While the team got some contributions in Fund V from limited partners outside the US, it did lay a foundation for relationship building that it hopes will translate into commitments to future funds, according to Stephen Can, global head of the bank’s Strategic Partners group.
“We spent time in Europe, in the Middle East and we’re starting to make relationships in Asia and other parts of the world,” Can told Private Equity International during an interview Wednesday. “We’ve done a lot of work for future funds; as you see different [institutions] in different countries develop and they start to move into alternatives, secondaries are a great way to start and enhance alternative investment programmes.”
Credit Suisse announced Wednesday it closed its fifth secondaries fund on $2.9 billion. The fund will focus on investments in buyout, real estate and venture capital funds.
Fundraising took about a year, Can said, and the fund is about 10 percent bigger than the fourth fund, which closed on about $2.5 billion in 2009. The Strategic Partners team was assisted in fundraising by an internal marketing group that works on Credit Suisse specific funds, which is separate from the bank’s third party placement agency, which raises external funds.
Credit Suisse and the Strategic Partners team contributed an about 3 percent commitment to the fund, which was lower than the historic 5 percent contribution because of the Dodd-Frank financial reform rules. Under Dodd-Frank, the so-called Volcker rule restricts financial institutions from investing more than 3 percent of its Tier 1 capital in private equity.

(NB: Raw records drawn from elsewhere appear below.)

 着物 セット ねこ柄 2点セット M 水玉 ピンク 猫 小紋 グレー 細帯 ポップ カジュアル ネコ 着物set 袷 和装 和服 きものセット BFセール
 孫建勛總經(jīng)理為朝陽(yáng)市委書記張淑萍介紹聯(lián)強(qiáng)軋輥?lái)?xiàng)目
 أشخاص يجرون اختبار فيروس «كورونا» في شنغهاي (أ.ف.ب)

The team offered some sweetened terms in Fund V. Strategic Partners employed a “European-style” waterfall distribution scheme in Fund IV, in which the GP only started to collect carried interest after LPs were paid back committed capital plus an 8 percent preferred return.

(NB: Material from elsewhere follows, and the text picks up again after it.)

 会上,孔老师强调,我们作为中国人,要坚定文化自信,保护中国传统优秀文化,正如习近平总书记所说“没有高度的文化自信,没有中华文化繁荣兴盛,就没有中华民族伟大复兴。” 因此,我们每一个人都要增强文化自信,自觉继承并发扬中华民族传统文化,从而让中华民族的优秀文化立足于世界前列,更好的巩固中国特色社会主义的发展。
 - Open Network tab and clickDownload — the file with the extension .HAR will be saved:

For Fund V, the team enhanced the distribution scheme to include not only all committed capital, but all fees and fund expenses as well that must be returned to LPs, plus the 8 percent preferred return, before the GP starts to collect carried interest.

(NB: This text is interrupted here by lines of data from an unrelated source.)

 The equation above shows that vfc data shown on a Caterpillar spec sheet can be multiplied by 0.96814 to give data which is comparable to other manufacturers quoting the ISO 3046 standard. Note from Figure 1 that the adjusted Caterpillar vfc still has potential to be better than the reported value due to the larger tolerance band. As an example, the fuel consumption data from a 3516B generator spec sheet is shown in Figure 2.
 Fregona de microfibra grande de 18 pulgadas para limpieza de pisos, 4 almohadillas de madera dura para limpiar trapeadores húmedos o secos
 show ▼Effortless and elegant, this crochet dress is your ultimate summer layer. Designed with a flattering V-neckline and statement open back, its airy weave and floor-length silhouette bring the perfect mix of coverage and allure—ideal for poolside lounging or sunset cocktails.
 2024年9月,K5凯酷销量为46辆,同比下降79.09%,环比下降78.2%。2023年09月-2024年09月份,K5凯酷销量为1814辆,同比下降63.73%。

“That’s as full as you can get and we just pushed everything over to that side and made sure LPs got as friendly as terms in that regard as they can imagine,” Can said. “We read the [Institutional Limited Partners Association] document and we had some early discussions with our LPs and we just made a decision early-on that they’re our partners, the community wants this and we’ll do it.”
The team started investing Fund V last year and has a loaded deal pipeline, Can said. Strategic Partners averages about $15 million per deal, but looks for investments that could go as high as $500 million, Can said. The team, except by great exception, will not go higher than 10 percent of the fund for any one deal, he said.
The team brings fresh capital into what could be the busiest-ever year for the secondary market. Market professionals have predicted total deal volume could exceed last year’s record total of about $25 billion. Sellers on the market include financial institutions in the US and Europe unloading private equity assets because of regulations, and public pension systems actively managing their private equity portfolios to cut down the number of GP relationships. Also, hedge funds that loaded up on illiquid assets in the credit bubble years have also been selling stakes in funds over the past few years.
Buyers and sellers should be pretty close in expectations on price, Can said, unless “impaired” assets are for sale. “On impaired assets, you’ll see the widest spreads [between buyer and seller expectations],” Can said.
The Strategic Partners team is working on 35 deals and has about 50 potential transactions in the pipeline, Can said. Buyers love when product is plentiful, Can said.
“We’re busy … as a buyer you can’t be any happier,” he said.
However, the team sets a price and sticks to it, and won’t “play games” on changing the price, he said.
“We’re firm on price. We transact, we don’t re-trade. We have a price and if that’s not a price that works for the seller, then it doesn’t work,” he said. “It makes life easier and more efficient all around once you get that reputation in the market.”